§ Task brief
Line by line, copy the records below exactly and leave the pictures out.

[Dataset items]

-=-=-

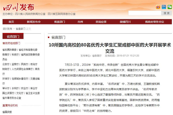 7月15-17日,2016年“系统中药,传承创新”全国优秀大学生夏令营在成都中医药大学举行,来自上海中医药大学、湖北中医药大学、福建农林大学、成都中医药大学等10所国内高校的80名优秀大学生汇聚该校,开展为期三天的学术交流活动。
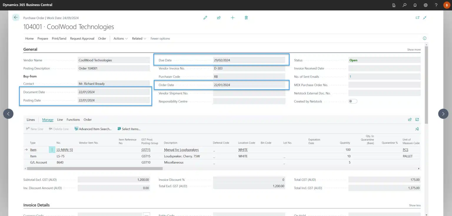 Over the coming months I will be releasing a series of articles around the Dynamics 365 Business Central Document Dates, starting with Purchase Orders. I hope to dispel some of the ambiguity of the date fields across all documents. In the next installment we’ll take a look at Sales Order dates.
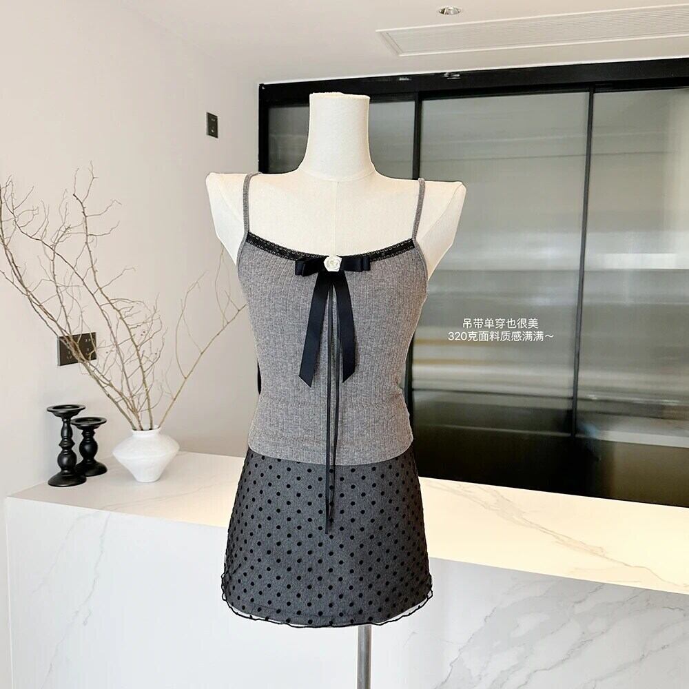 甘いホットガールスーツ春弓ストラップ長袖ニットカーディガンウエストミニスカート 3 点セット ロング リボン 大人ガーリー スウィート キュート カジュアル スプリング 春物
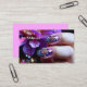 Beautiful artwork on fingernails is featured on this business card for a nail salon. The back is a bright orchid pink, and left plain, for more information or appointments. Very beautiful, professional, and eye-catching.
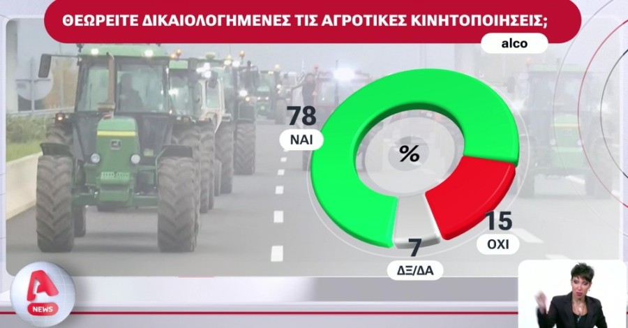 Συγκεκριμένα, στις αγροτικές κινητοποιήσεις το 78% λέει πως είναι δικαιολογημένες, ενώ διαφωνεί το 15%. Σύμφωνα με τον πρόεδρο της Alco 6 στους 10 ψηφοφόρους της ΝΔ συμφωνεί.
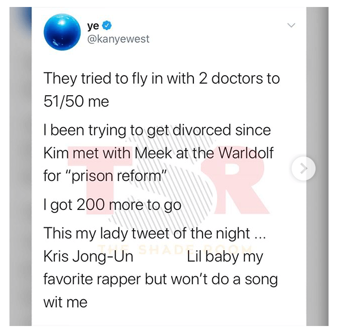 In another tweet, Kanye West dropped a bomb — he’s been trying to divorce Kim Kardashian since she had a meeting with Meek Mill at a hotel. “They tried to fly in with 2 doctors to 51/50 me. I been trying to get divorced since Kim met with Meek at the Warldolf for ‘prison reform’ I got 200 more to go,” he wrote on Twitter.
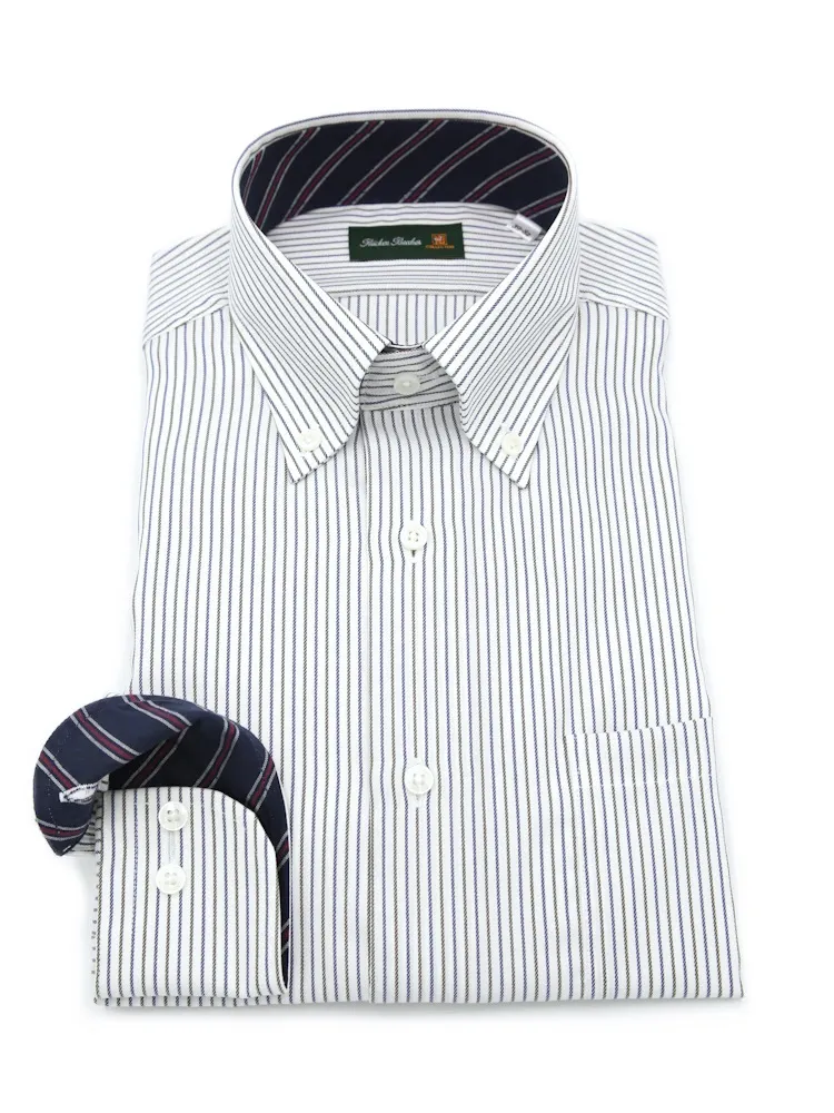 【高形態安定】長袖ワイシャツボタンダウンマルチファンクションシャツストライプリッケンバッカー通年
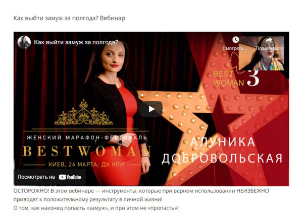 Отзывы о курсе «Как выйти замуж за полгода» от Алуники Добровольской
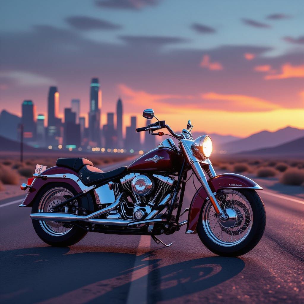 This image shows a detailed vintage motorcycle on a dusty highway leading to a cyberpunk city at dusk. Photorealistic style with sleek lines and gritty realism.
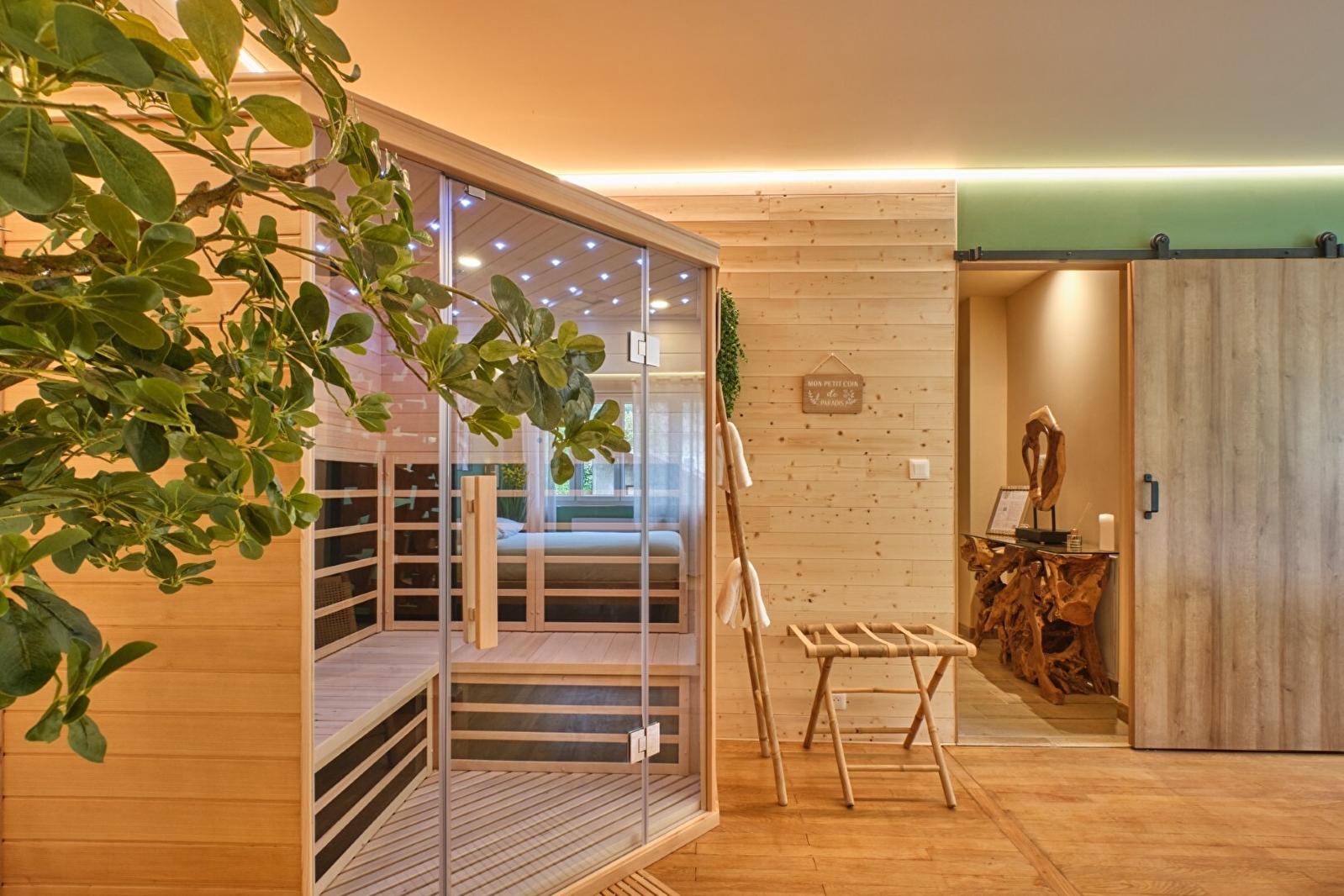 Enjoy a rare wellness area, equipped with an exclusive anatomical profile balneotherapy bathtub and a large sauna, for unforgettable moments of relaxation. The apartment also features a comfortable living room with a TV connected to Netflix, as well as a small, fully-equipped kitchen, allowing you to enjoy home-cooked meals and total autonomy during your stay.
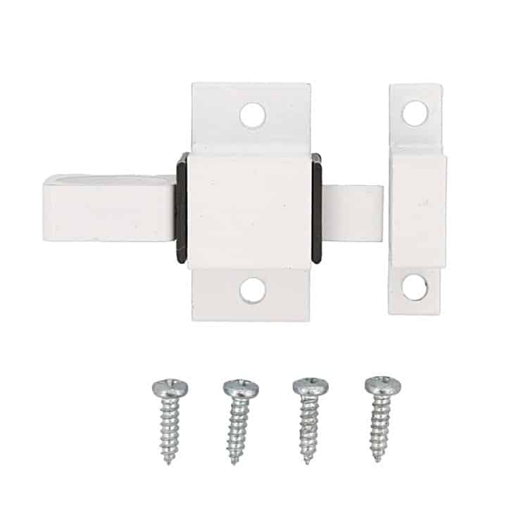 Pasador compacto de sobreponer recomendado para ventanas abatibles pequeñas. Instalación mediante fijación con tirafondos. Material recomendable para ambientes húmedos.
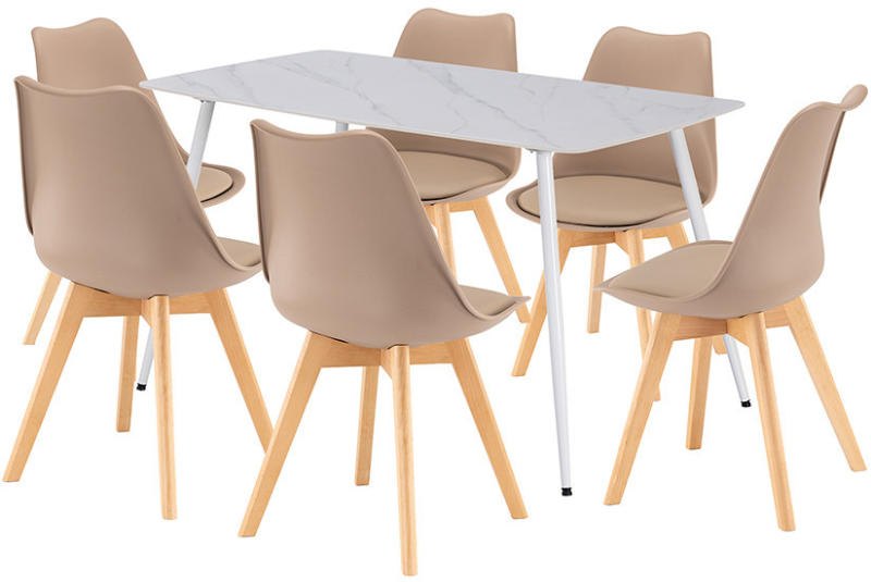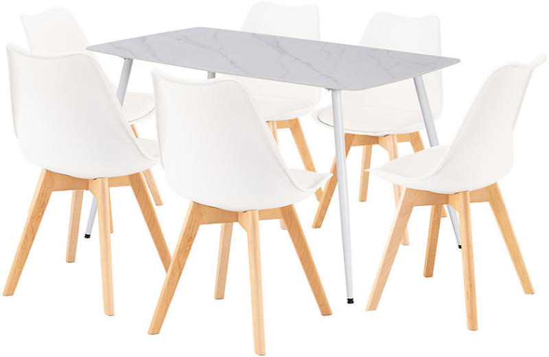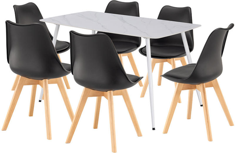 Ravena 6+1 étkezőgarnitúra fehér-fekete – minőségi étkezőszett tartós asztallal és kényelmes székekkel Főbb jellemzők – Silla étkezőszék (6 db):

-=-=-

§ Answer to this task
 7月15-17日,2016年“系统中药,传承创新”全国优秀大学生夏令营在成都中医药大学举行,来自上海中医药大学、湖北中医药大学、福建农林大学、成都中医药大学等10所国内高校的80名优秀大学生汇聚该校,开展为期三天的学术交流活动。
 Over the coming months I will be releasing a series of articles around the Dynamics 365 Business Central Document Dates, starting with Purchase Orders. I hope to dispel some of the ambiguity of the date fields across all documents. In the next installment we’ll take a look at Sales Order dates.
 甘いホットガールスーツ春弓ストラップ長袖ニットカーディガンウエストミニスカート 3 点セット ロング リボン 大人ガーリー スウィート キュート カジュアル スプリング 春物
 Beautiful artwork on fingernails is featured on this business card for a nail salon. The back is a bright orchid pink, and left plain, for more information or appointments. Very beautiful, professional, and eye-catching.
 Συγκεκριμένα, στις αγροτικές κινητοποιήσεις το 78% λέει πως είναι δικαιολογημένες, ενώ διαφωνεί το 15%. Σύμφωνα με τον πρόεδρο της Alco 6 στους 10 ψηφοφόρους της ΝΔ συμφωνεί.
 In another tweet, Kanye West dropped a bomb — he’s been trying to divorce Kim Kardashian since she had a meeting with Meek Mill at a hotel. “They tried to fly in with 2 doctors to 51/50 me. I been trying to get divorced since Kim met with Meek at the Warldolf for ‘prison reform’ I got 200 more to go,” he wrote on Twitter.
 【高形態安定】長袖ワイシャツボタンダウンマルチファンクションシャツストライプリッケンバッカー通年
 Отзывы о курсе «Как выйти замуж за полгода» от Алуники Добровольской
 This image shows a detailed vintage motorcycle on a dusty highway leading to a cyberpunk city at dusk. Photorealistic style with sleek lines and gritty realism.
 Enjoy a rare wellness area, equipped with an exclusive anatomical profile balneotherapy bathtub and a large sauna, for unforgettable moments of relaxation. The apartment also features a comfortable living room with a TV connected to Netflix, as well as a small, fully-equipped kitchen, allowing you to enjoy home-cooked meals and total autonomy during your stay.
 Pasador compacto de sobreponer recomendado para ventanas abatibles pequeñas. Instalación mediante fijación con tirafondos. Material recomendable para ambientes húmedos.
 Ravena 6+1 étkezőgarnitúra fehér-fekete – minőségi étkezőszett tartós asztallal és kényelmes székekkel Főbb jellemzők – Silla étkezőszék (6 db):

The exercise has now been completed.